Re: [PATCH v4 10/19] sched: Fix migrate_disable() vs set_cpus_allowed_ptr()

From: Valentin Schneider
Date: Thu Nov 12 2020 - 14:31:36 EST



On 12/11/20 18:01, Qian Cai wrote:
> On Thu, 2020-11-12 at 17:26 +0000, Valentin Schneider wrote:
>> On 12/11/20 16:38, Qian Cai wrote:
>> > Some syscall fuzzing from an unprivileged user starts to trigger this below
>> > since this commit first appeared in the linux-next today. Does it ring any
>> > bells?
>> >
>>
>> What's the .config? I'm interested in
>> CONFIG_PREEMPT
>> CONFIG_PREEMPT_RT
>> CONFIG_SMP
>
> https://cailca.coding.net/public/linux/mm/git/files/master/arm64.config
>
> # CONFIG_PREEMPT is not set
> CONFIG_SMP=y
>

So that's CONFIG_PREEMPT_NONE=y

> Also, I have been able to reproduce this on powerpc as well just now.
>
[...]
>
> [12065.101987][ T1310] __switch_to (arch/arm64/kernel/process.c:580)
> [12065.106227][ T1310] __schedule (kernel/sched/core.c:4272 kernel/sched/core.c:5019)
> [12065.110505][ T1310] schedule (./arch/arm64/include/asm/current.h:19 (discriminator 1) ./arch/arm64/include/asm/preempt.h:53 (discriminator 1) kernel/sched/core.c:5099 (discriminator 1))
> [12065.114562][ T1310] schedule_timeout (kernel/time/timer.c:1848)
> [12065.119275][ T1310] wait_for_completion (kernel/sched/completion.c:85 kernel/sched/completion.c:106 kernel/sched/completion.c:117 kernel/sched/completion.c:138)
> [12065.124257][ T1310] affine_move_task (./include/linux/instrumented.h:101 ./include/asm-generic/atomic-instrumented.h:220 ./include/linux/refcount.h:272 ./include/linux/refcount.h:315 ./include/linux/refcount.h:333 kernel/sched/core.c:2263)
> [12065.129013][ T1310] __set_cpus_allowed_ptr (kernel/sched/core.c:2353)
> [12065.134248][ T1310] sched_setaffinity (kernel/sched/core.c:6460)
> [12065.139088][ T1310] __arm64_sys_sched_setaffinity (kernel/sched/core.c:6511 kernel/sched/core.c:6500 kernel/sched/core.c:6500)
> [12065.144972][ T1310] do_el0_svc (arch/arm64/kernel/syscall.c:36 arch/arm64/kernel/syscall.c:48 arch/arm64/kernel/syscall.c:159 arch/arm64/kernel/syscall.c:205)
> [12065.149165][ T1310] el0_sync_handler (arch/arm64/kernel/entry-common.c:236 arch/arm64/kernel/entry-common.c:254)
> [12065.153876][ T1310] el0_sync (arch/arm64/kernel/entry.S:741)
>

Thanks!

One thing I don't get: that trace shows refcount_dec_and_test()
(kernel/sched/core.c:2263) happening before the wait_for_completion().
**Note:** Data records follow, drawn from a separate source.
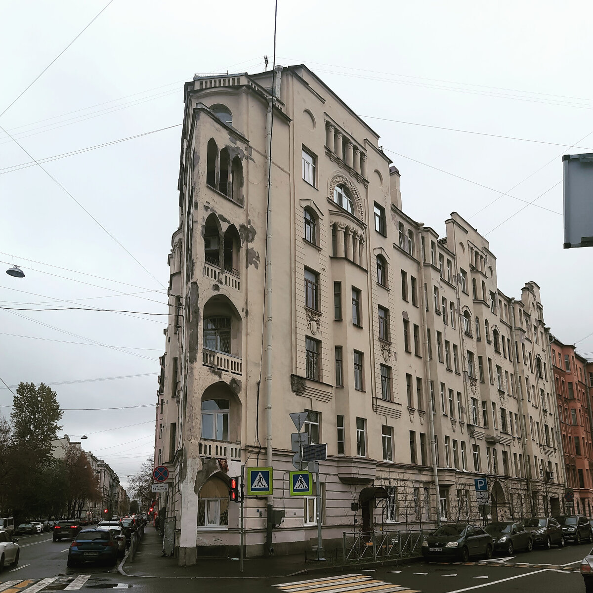 Когда-то это был современный и фешенебельный дом. Он возвышался светло-голубой махиной среди относительно пустынных улиц. Кругом были лишь низкоэтажные домики, а из окон шестиэтажного статного красавца, за столько необычную форму прозванного кораблём, можно было увидеть набережную Карповки и Иоанновский монастырь. С тех пор прошло более 100 лет. Местность кругом застроилась, улица Широкая стала улицей Ленина, да и город уже трижды поменял свое имя. Создатель дома, инженер-технолог Александр Маркович Эрлих, давно сгинул в бурном море событий. Его судьба и даже дата смерти неизвестны. А вот его творение продолжает радовать нас необычным сочетанием готики и модерна, изящными формами и остатками былого роскошного убранства. В доме два парадных входа, один с улицы Ленина, другой с Газовой. Оба они ведут в некогда роскошный холл первого этажа, где ещё сто лет назад был установлен лифт, обитый бархатом, а гостей встречал швейцар. Также в холле был установлен телефон - главное новшество то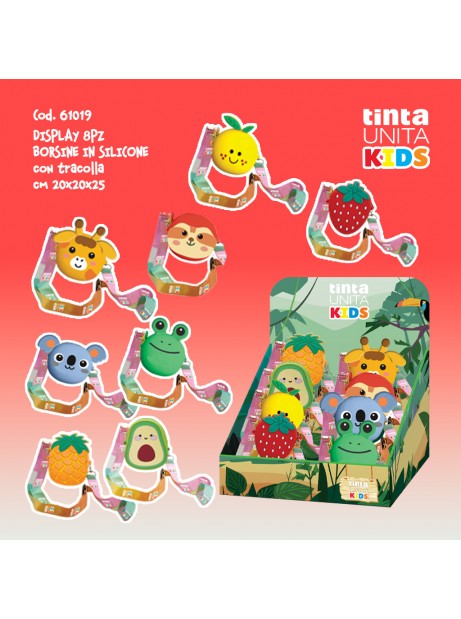 Mini Borsetta con tracolla TintaUnita Kids in silicone forma di animali e frutta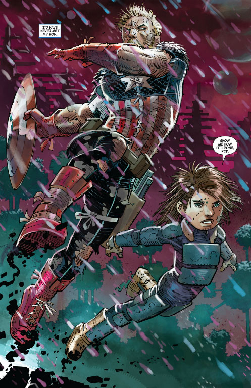 For a monthly, serialized story, eleven years between installments is a bold step. With that simple introduction, Remender has drastically raised the stakes of this story. Suddenly the full scope of what has happened to Cap is enormous; he didn’t just rescue a baby from a lab, he has raised a child. Not just a child, his child; Steve thinks of Ian as his own son. Eleven years has changed the relationship from “this is a baby, I am responsible for him” to “this is my child, I will teach him the ways of my strangely specific weapon.”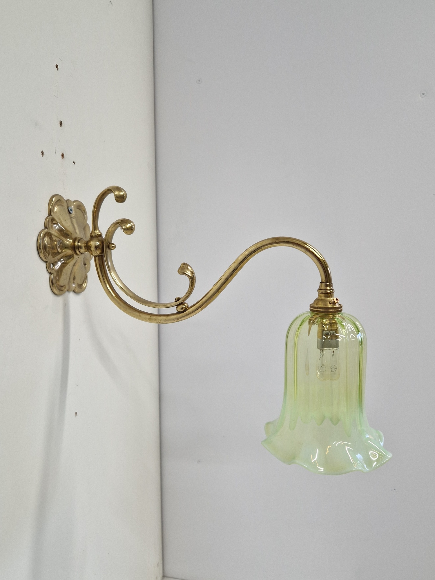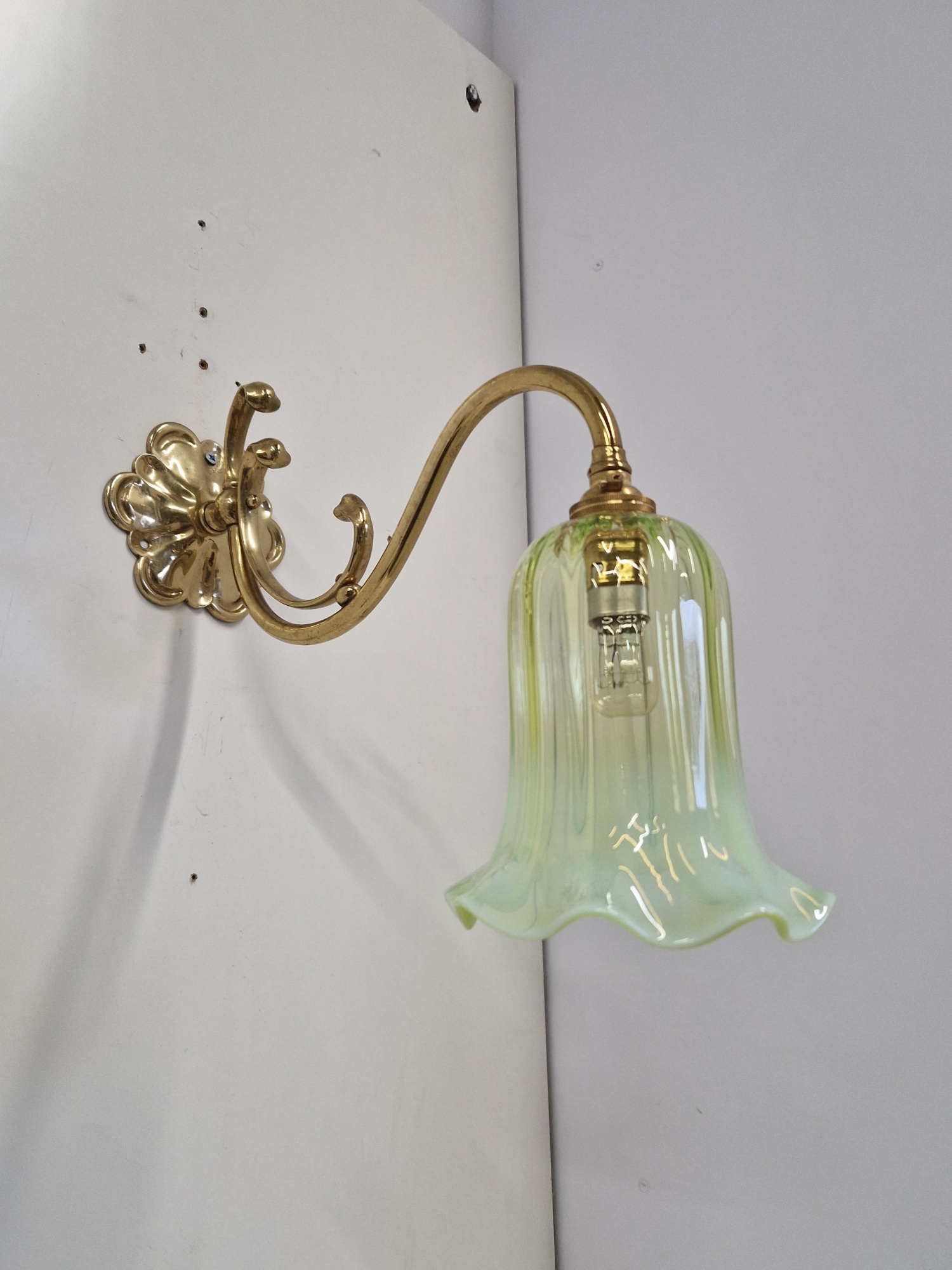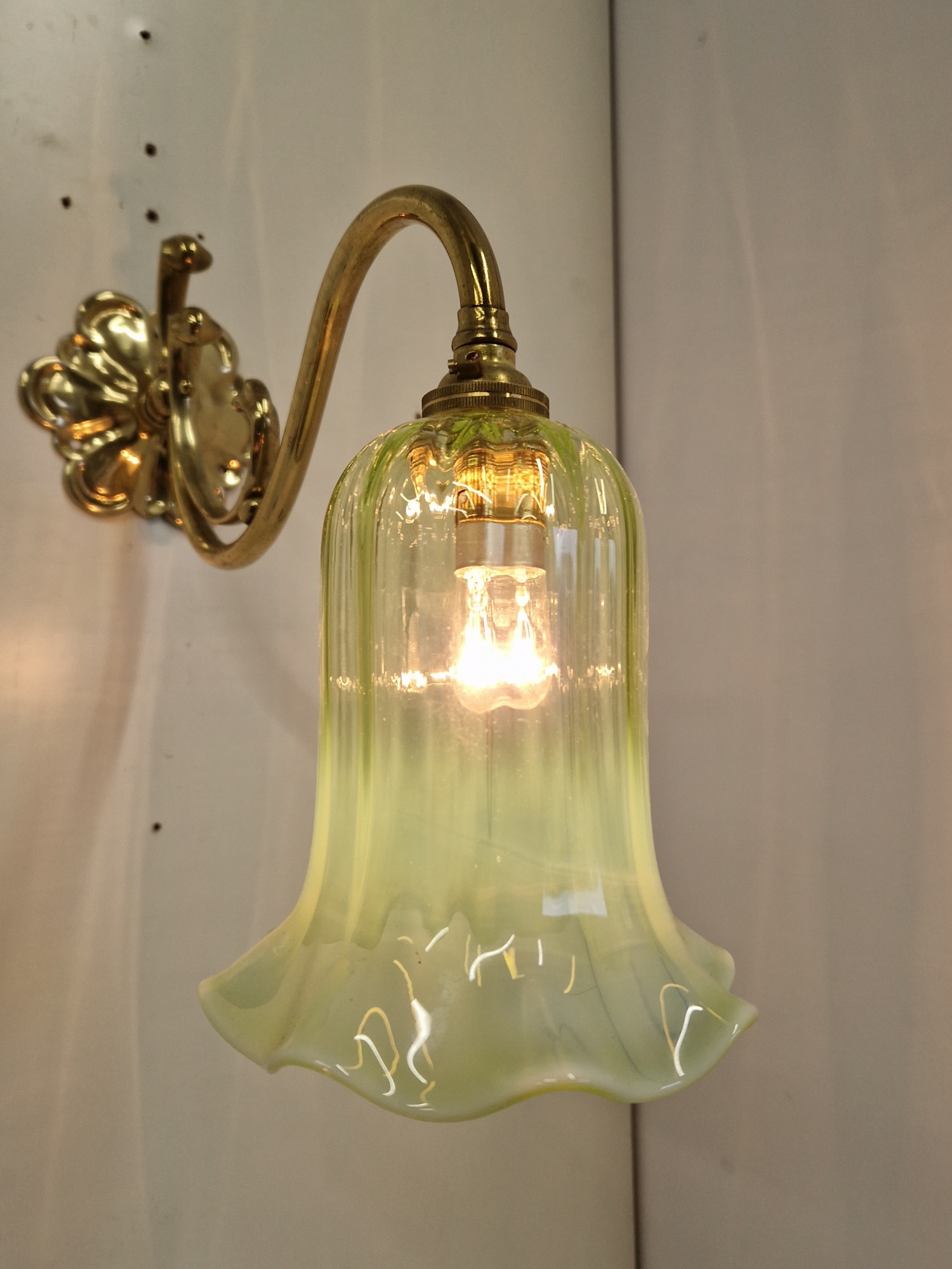 Product Code: JAL1138VAS093A good quality pair of cast brass “swan-neck” wall lights in traditional Edwardian style complimented with 2 reproduction vaseline lampshades. England c.1910-20

It's
not the case in the below trace.

> == powerpc ==
> [18060.020301][ T676] [c000200014227670] [c000000000a6d1e8] __func__.5350+0x1220e0/0x181338 unreliable
> [18060.020333][ T676] [c000200014227850] [c00000000001a278] __switch_to (arch/powerpc/kernel/process.c:1273)
> [18060.020351][ T676] [c0002000142278c0] [c0000000008f3e94] __schedule (kernel/sched/core.c:4269 kernel/sched/core.c:5019)
> [18060.020377][ T676] [c000200014227990] [c0000000008f4638] schedule (./include/asm-generic/preempt.h:59 (discriminator 1) kernel/sched/core.c:5099 (discriminator 1))
> [18060.020394][ T676] [c0002000142279c0] [c0000000008fbd34] schedule_timeout (kernel/time/timer.c:1847)
> [18060.020420][ T676] [c000200014227ac0] [c0000000008f6398] wait_for_completion (kernel/sched/completion.c:85 kernel/sched/completion.c:106 kernel/sched/completion.c:117 kernel/sched/completion.c:138)
> [18060.020455][ T676] [c000200014227b30] [c000000000100fd4] affine_move_task (kernel/sched/core.c:2261)
> [18060.020481][ T676] [c000200014227c90] [c000000000101444] __set_cpus_allowed_ptr (kernel/sched/core.c:2353)
> [18060.020507][ T676] [c000200014227d00] [c000000000106eac] sched_setaffinity (kernel/sched/core.c:6460)
> [18060.020533][ T676] [c000200014227d70] [c000000000107134] sys_sched_setaffinity (kernel/sched/core.c:6511 kernel/sched/core.c:6500)
> [18060.020559][ T676] [c000200014227dc0] [c00000000002a6d8] system_call_exception (arch/powerpc/kernel/syscall_64.c:111)
> [18060.020585][ T676] [c000200014227e20] [c00000000000d0a8] system_call_common (arch/powerpc/kernel/entry_64.S:302)

I take back what I said in that previous email; we could have gone through
the task_running() stop_one_cpu() and *then* hit the

wait_for_completion(&pending->done);

and that is actually the only case that makes sense to me here, because the
!task_running() one will do the completion before waiting (that kernel has
no way to make a task Migration Disabled).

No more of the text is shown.